Although neither inhibitor treatment demonstrated a statistically significant effect on mechanical properties, both tended to produce lower circumferential stretch ratios than comparable controls, with doxycycline being more influential than GM6001. In contrast to GM6001, doxycycline is less selective and produces effects other than MMP inhibition, including modulation of various aspects of inflammation (Beekman et al 1997
; Kim et al 2005
; Lee et al 2003
), possibly contributing to its relatively greater influence.
The potential significance of such a rapid change in vessel properties is not known. The observed increase in circumferential stretch for a given level of pressure, however, could indicate a loss of vascular integrity with potential for subsequent dysfunction or initiation of disease. Although none of the carotid arteries tested in this study displayed any tendency to not recover from the increase in compliance, mechanical thresholds for the initiation of such instability should be defined. Additionally, while the initiating mechanical event in this study was an abrupt change in shear stress, the approach of this research should be extended to examine response to other types of changes in mechanical environment, such as those that occur with trauma.

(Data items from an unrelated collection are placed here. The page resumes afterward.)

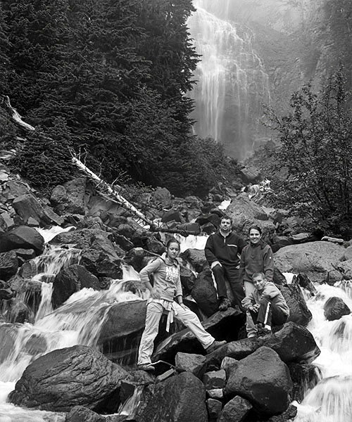 Небольшой конкурс. Небольшой тест для знатоков цифры и пленки. Две фотки, одно место и время, два разных фотоаппарата. Одна true bw, 10 долларов за 20 мегабайтный скан, вторая - переведенная в чб цифра. Можете угадаете что где? Да, и пожалуйста не надо искать в них потуги на высокое искусство. Просто пошли в горы, просто пофоткались. Из цифры я сделал ЧБ только с одной целью устроить этот небольшой конкурс. Более того, цифровой кадр из отбраковки, взял потому что точка съемки та же что и на пленку. В ином случае я бы не стал этого делать. И на ЧБ пленку я снимал не для паскудного пафоса, а для образовательных целей.
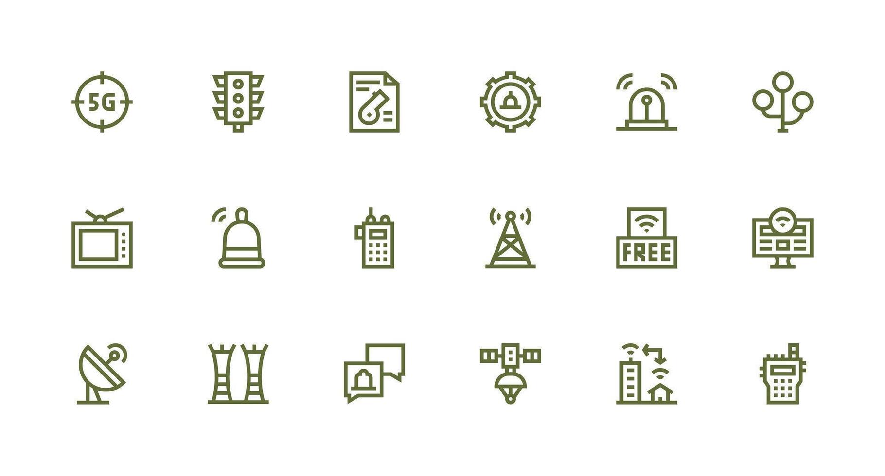 Signal Icon Set with 18 Strong Stroke Line Graphics Customizable Icon Series for Mobile Screens Free Vector
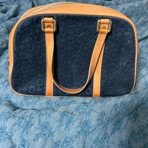 Vintage Celine Navy Velvet and Tan Shoulder Bag

In summary, mechanical properties of carotid arteries change rapidly following exposure to augmented flow. Trends suggest that the affected properties may return to baseline values over time and that the timing of changes may be mediated by MMPs. The reported findings further define how blood vessels respond to changes in their mechanical environment and are believed to lend insight into processes associated with the development of vascular disease and dysfunction.